Waardering van het bewijs
De verdediging bepleit vrijspraak voor feit 2 omdat niet kan worden vastgesteld dat de verdachte wist danwel had moeten vermoeden dat hij tegen de Ford Ka van [slachtoffer] was aangereden. Hierbij moet ook rekening gehouden worden met zijn gemoedstoestand op dat moment: hij was vervuld van adrenaline.
De rechtbank verwerpt dit verweer.
Tijdens een wilde achtervolging botst de verdachte met zijn auto tegen de auto van [slachtoffer] die op dat moment voor hem reed. Een motoragent heeft gezien dat hierdoor haar linker achterwiel “volledig aan gort” werd gereden en de volledige linker achterbumper wegsloeg. Een dergelijke forse impact maakt dat reeds naar algemene ervaringsregels moet worden vastgesteld dat de verdachte de botsing moet hebben waargenomen en hij zodoende wist dat hij betrokken was bij een verkeersongeval waarbij schade aan een ander had toegebracht. Na dit ongeluk is de verdachte met hoge snelheid doorgereden. Hij heeft zich niet bekommerd om het slachtoffer terwijl hij daartoe wel gehouden was.
Bewezenverklaring
In bijlage II heeft de rechtbank de inhoud van wettige bewijsmiddelen opgenomen, houdende voor de bewezenverklaring redengevende feiten en omstandigheden.

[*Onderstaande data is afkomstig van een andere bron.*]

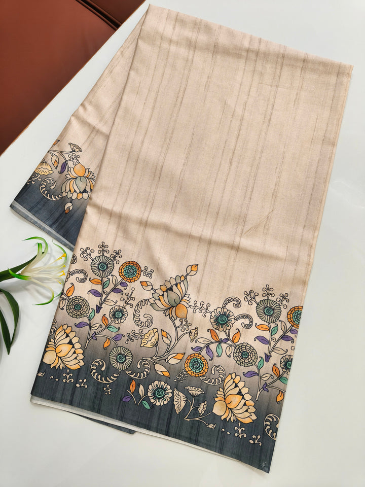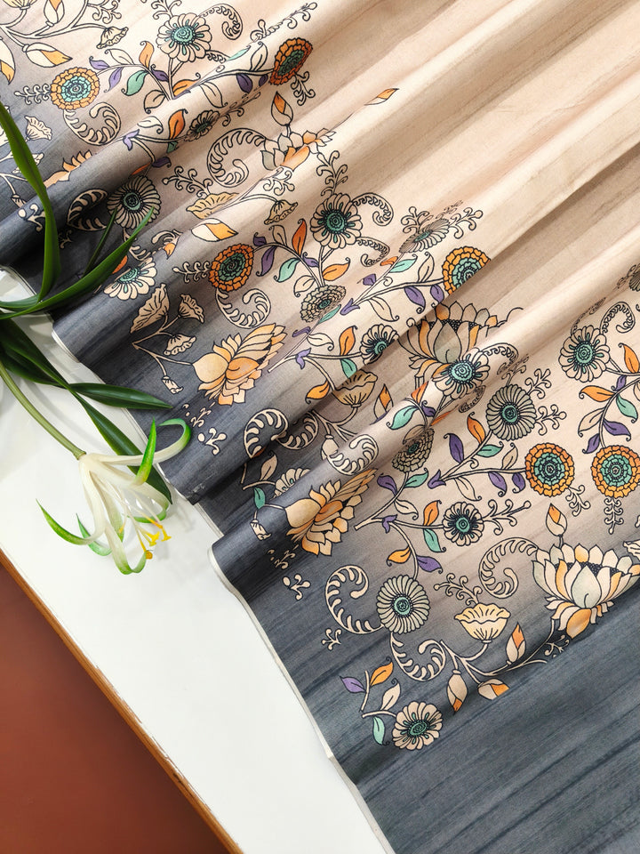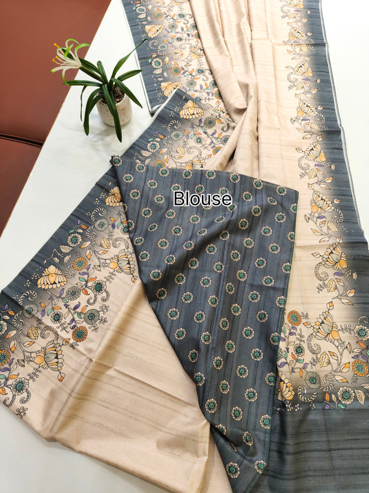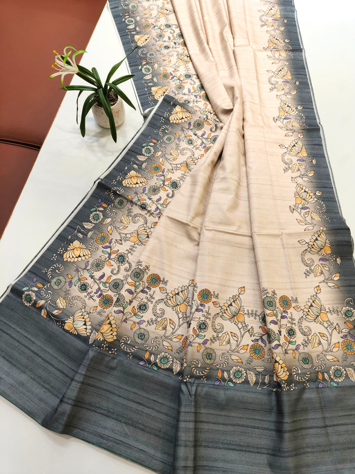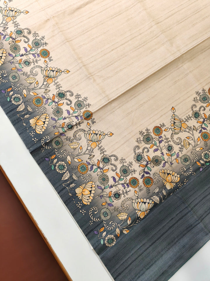 Tussar Silk Saree With Floral Print Pallu - Grey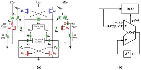 The classical single-loop PLL of spur reduction [,,] is published, which consists of a phase/frequency detector (PFD), a charge pump (CP), a loop filter (LF), a voltage controlled oscillator (VCO), and a frequency divider. The reference of [] calibration method accomplishes efficient search for an optimum VCO discrete tuning curve among a group of frequency sub-bands. The agility is attributed to a proposed frequency comparison technique which is based on measuring the period difference between two signals. To maintain phase-noise optimization and loop stability over the entire output frequency range, techniques of constant loop bandwidth are proposed []. The proposed prototype composes of a frequency detector (FD), a phase detector (PD), a digital loop filter (DLF), a DCO, a differential to single-ended (D to S) circuit, a first-order delta-sigma modulator (DSM) and frequency dividers in the feedback path as shown in Figure 1b []. The proposed prototype composes of two loops, the frequency detection loop, and the phase detection loop, respectively. The former has a low resolution to perform a coarse tuning and reduce the locking time for wide tuning range operation. The latter has a high resolution to implement fine tuning. In order to upgrade the DCO resolution, a first-order DSM is used. The DCO output is connected to the current-mode logic (CML) divider to lower the frequency and connected to the D to S circuit and other dividers. When the divide ratio by a multi-modulus divider (MMD) is changed, the frequency synthesizer can obtain different frequency bands. The locked output frequency fDCO is expressed as below: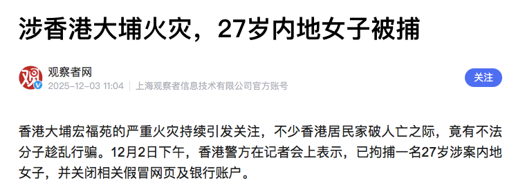 香港大埔宏福苑的严重火灾持续引发关注,不少香港居民家破人亡之际,竟有不法分子趁乱行骗。12月2日下午,香港警方在记者会上表示,已拘捕一名27岁涉案内地女子,并关闭相关假冒网页及银行账户。

Op grond daarvan, en op grond van de redengevende inhoud van het voorgaande, is wettig en overtuigend bewezen dat de verdachte het onder 1, 2 en 3 ten laste gelegde heeft begaan op die wijze dat:
1.
hij op of omstreeks 20 juli 2016 te Rotterdam
een wapen als bedoeld in artikel 2 lid 1 Categorie III onder 1º van de
Wet wapens en munitie, te weten een vuurwapen, in de zin van artikel 1, onder
3º van die wet in de vorm van een revolver van het merk Colt, type Trooper
MKIII, kaliber .357 Magnum (voorzien van serienummer 69718J),
en
munitie in de zin van art. 1 onder 4° van de Wet wapens munitie, te weten
munitie als bedoeld in art. 2 lid 2 van die wet, van de Categorie III, te weten
zes (6) kogelpatronen, kaliber .357 Magnum,
voorhanden heeft gehad;
2.
hij, als degene door wiens gedraging een verkeersongeval was veroorzaakt, welke
gedraging hij als bestuurder van een motorrijtuig (personenauto)
had verricht en welk verkeersongeval had plaatsgevonden in Rotterdam op
de Oostzeedijk, op 20 juli 2016 de voornoemde plaats van
vorenbedoeld ongeval heeft verlaten,
terwijl bij dat ongeval, naar hij wist , aan
een ander (te weten [slachtoffer]) schade was toegebracht;
3.
hij op of omstreeks 20 juli 2016 te Rotterdam
als bestuurder van een voertuig (personenauto), daarmee rijdende op de
weg(en), het Pompenburg en/of de Admiraal de Ruyterweg en/of de Vondelweg
en/of de Marinierweg en/of de Burgemeester van Walsumweg en/of het Oostplein
en/of de Oostzeedijk en/of de Honingerdijk en/of de Oostmaaslaan, zich tijdens
die rit zodanig heeft gedragen dat gevaar op die weg(en) werd veroorzaakt,
althans kon worden veroorzaakt, en/of het verkeer op die weg(en) werd
gehinderd, althans kon worden gehinderd;
welk gedrag hierin heeft bestaan dat hij, verdachte, toen aldaar
- geen gevolg heeft gegeven aan een stopteken gegeven middels een op een
dienst motorfiets van Politie Eenheid Rotterdam aangebracht transparant en/of
- terwijl hij, verdachte, werd gevolgd door genoemd politievoertuig die
optische- en geluidssignalen voerde, het door hem bestuurde voertuig niet tot
stilstand heeft gebracht en/of
- meermalen een in zijn richting gekeerd rood licht
uitstralend verkeerslicht heeft genegeerd en/of
- meermalen tegen de rijrichting in van het verkeer heeft
gereden en/of
- nabij een kruising, waarbij de linkervoorsorteerstrook was afgezet met rood
witte reflector palen, genoemde rijstrook is opgereden en daarbij genoemde
palen omver heeft gereden en/of
- in botsing of aanrijding is gekomen met een voor hem, verdachte, rijdend
voertuig, auto, en/of
- de controle over het door hem bestuurde voertuig heeft verloren en in
aanraking is gekomen met een lantaarnpaal en/of
- gedurende de achtervolging meermal
enheeft gereden met een
(veel) hogere snelheid dan de ter plaatse toegestane maximumsnelheid.
Hetgeen meer of anders is ten laste gelegd is niet bewezen. De verdachte moet daarvan worden vrijgesproken.